Input data
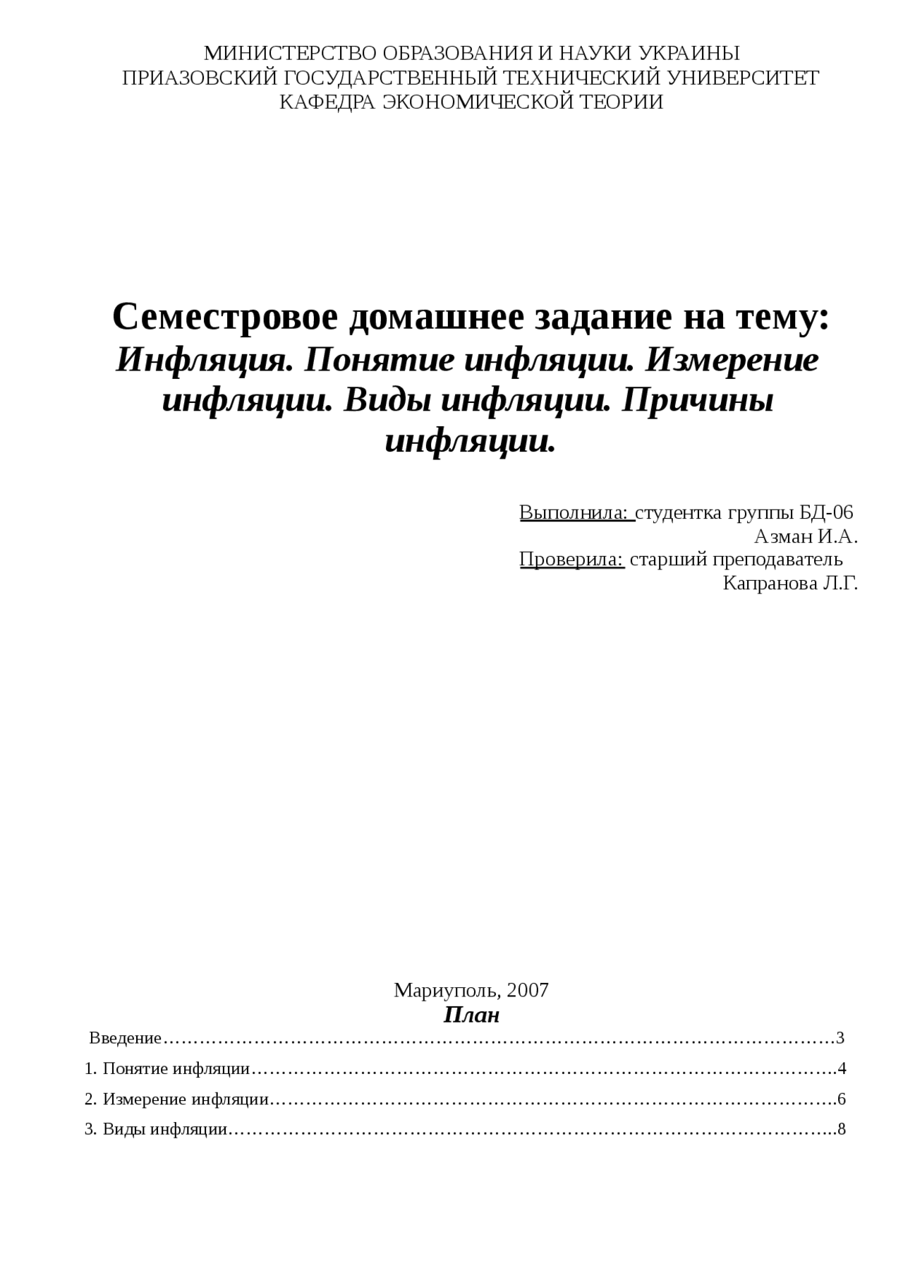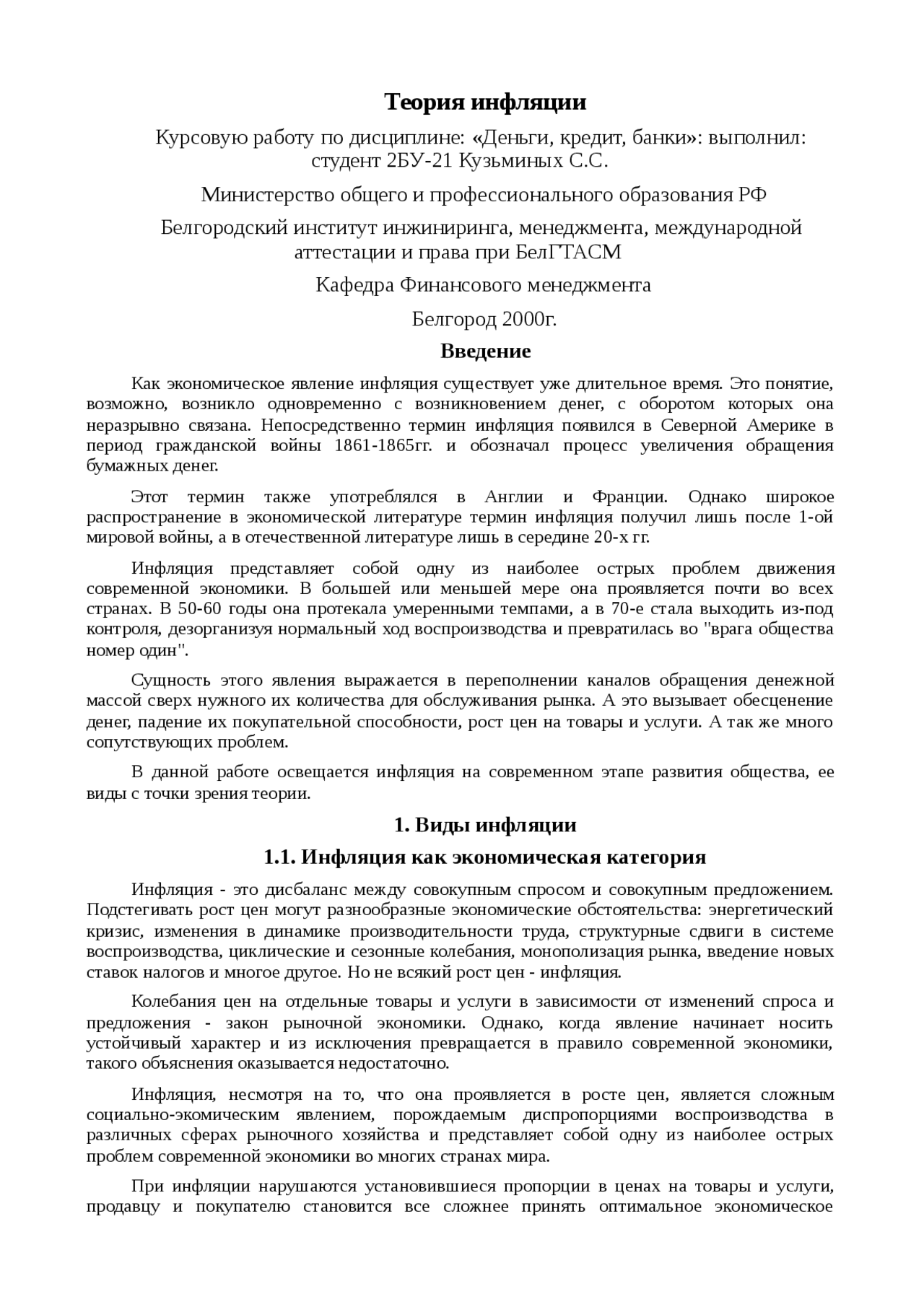 Курсовые работы инфляция
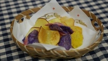 野菜を薄切りして、水にさらしあく抜きした野菜の水分を拭き取り油で揚げたものです。
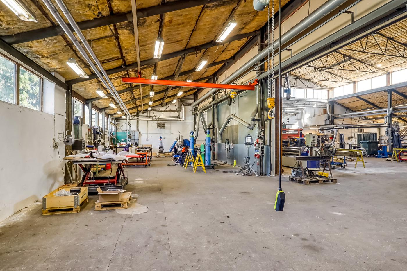 Produktionshallerne er velforsynet med travers- og svingkraner, som kan tilkøbes udover købesummen for bygningerne.
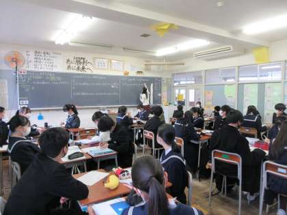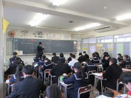 3年生の今日の授業の様子です。 写真上段 3−1 数学 写真下段 3−2 英語
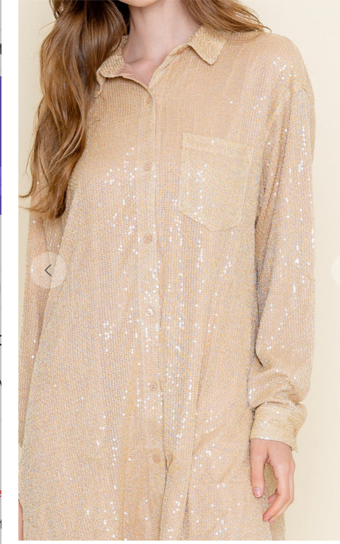 This is a great sequin shirt dress. It buttons up the front in this beautiful neautral taupe. Can be worn as a tunic or a dress.

Work to complete
Without the pictures, transcribe the listing exactly as it stands.

Response box
 Курсовые работы инфляция
 野菜を薄切りして、水にさらしあく抜きした野菜の水分を拭き取り油で揚げたものです。
 Produktionshallerne er velforsynet med travers- og svingkraner, som kan tilkøbes udover købesummen for bygningerne.
 3年生の今日の授業の様子です。 写真上段 3−1 数学 写真下段 3−2 英語
 This is a great sequin shirt dress. It buttons up the front in this beautiful neautral taupe. Can be worn as a tunic or a dress.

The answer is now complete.